PROBLEM STATEMENT → Only the lines below from the one containing "وفي الأراضي السعودية" through the one containing "Kid Toy Storage" belong in the answer, repeated exactly and without pictures.

DATA PROVIDED →
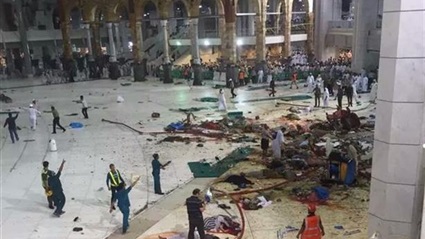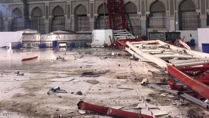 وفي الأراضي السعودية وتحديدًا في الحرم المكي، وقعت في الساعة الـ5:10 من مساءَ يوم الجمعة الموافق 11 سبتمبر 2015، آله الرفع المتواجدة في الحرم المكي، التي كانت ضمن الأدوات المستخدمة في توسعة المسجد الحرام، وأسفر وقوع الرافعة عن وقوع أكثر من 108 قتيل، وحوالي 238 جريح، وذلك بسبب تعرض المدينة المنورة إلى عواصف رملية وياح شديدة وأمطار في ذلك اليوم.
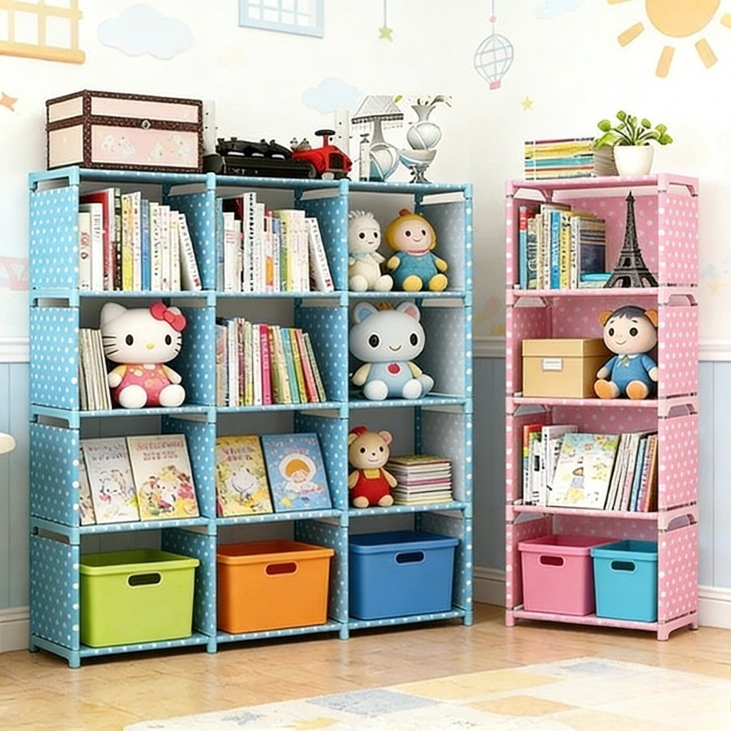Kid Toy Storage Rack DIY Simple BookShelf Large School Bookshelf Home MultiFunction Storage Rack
* * *
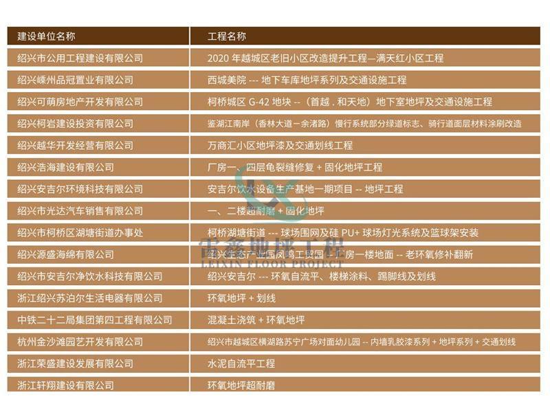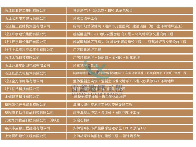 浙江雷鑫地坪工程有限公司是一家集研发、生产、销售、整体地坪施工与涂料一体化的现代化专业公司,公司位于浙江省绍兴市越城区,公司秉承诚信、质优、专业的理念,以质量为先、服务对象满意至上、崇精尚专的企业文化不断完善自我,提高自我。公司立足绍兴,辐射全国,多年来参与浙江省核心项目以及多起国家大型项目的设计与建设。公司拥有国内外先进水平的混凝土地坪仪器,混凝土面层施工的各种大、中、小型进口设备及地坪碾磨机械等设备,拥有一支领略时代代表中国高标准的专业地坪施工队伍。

SOLUTION FOR THIS TASK →
 وفي الأراضي السعودية وتحديدًا في الحرم المكي، وقعت في الساعة الـ5:10 من مساءَ يوم الجمعة الموافق 11 سبتمبر 2015، آله الرفع المتواجدة في الحرم المكي، التي كانت ضمن الأدوات المستخدمة في توسعة المسجد الحرام، وأسفر وقوع الرافعة عن وقوع أكثر من 108 قتيل، وحوالي 238 جريح، وذلك بسبب تعرض المدينة المنورة إلى عواصف رملية وياح شديدة وأمطار في ذلك اليوم.
Kid Toy Storage Rack DIY Simple BookShelf Large School Bookshelf Home MultiFunction Storage Rack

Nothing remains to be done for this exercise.